RNA-seq analysis revealed marked differences in GRM1 and GRM5 expression across interneuron subclasses. Among the three major interneuron groups, PV+ (n = 289) cells were distinguished by high GRM5 expression with minimal or undetectable GRM1 expression. In contrast, SST+ interneurons (n = 501) expressed both GRM1 and GRM5 at comparable levels, while VIP+ neurons (n = 655) exhibited uniformly low expression of both transcripts (Figure 7A). These transcriptomic patterns are consistent with previous reports implicating mGluR5 in synaptic potentiation (Hagena and Manahan-Vaughan, 2022), and align with our electrophysiological finding that a substantial fraction of fast-spiking interneurons in both humans and rodents exhibit synaptic enhancement following group I mGluR activation. Together, these findings support the conclusion that interneuron subtype–specific expression of group I mGluRs contributes, at least in part, to the differential synaptic modulation observed across interneuron classes.

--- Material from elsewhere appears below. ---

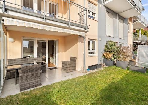 Barrierefreie 3,5-ZW mit Südterrasse, Garten, Tiefgarage & Aufzug in Markdorf – altersgerecht wohnen

Interneuron subtype–specific expression of group I mGluRs in human middle temporal gyrus. (A) Violin plots showing mRNA expression of GRM1 (mGluR1) and GRM5 (mGluR5) in PVALB (parvalbumin), SST (somatostatin), and VIP (vasoactive intestinal peptide) positive layer 2/3 human interneurons. Data were obtained from publicly available single-cell RNA-seq datasets from the Allen Brain Institute (https://celltypes.brain-map.org/rnaseq/human/mtg). (B) Same as in (A) but for mouse neurons (https://celltypes.brain-map.org/rnaseq/mouse/v1-alm).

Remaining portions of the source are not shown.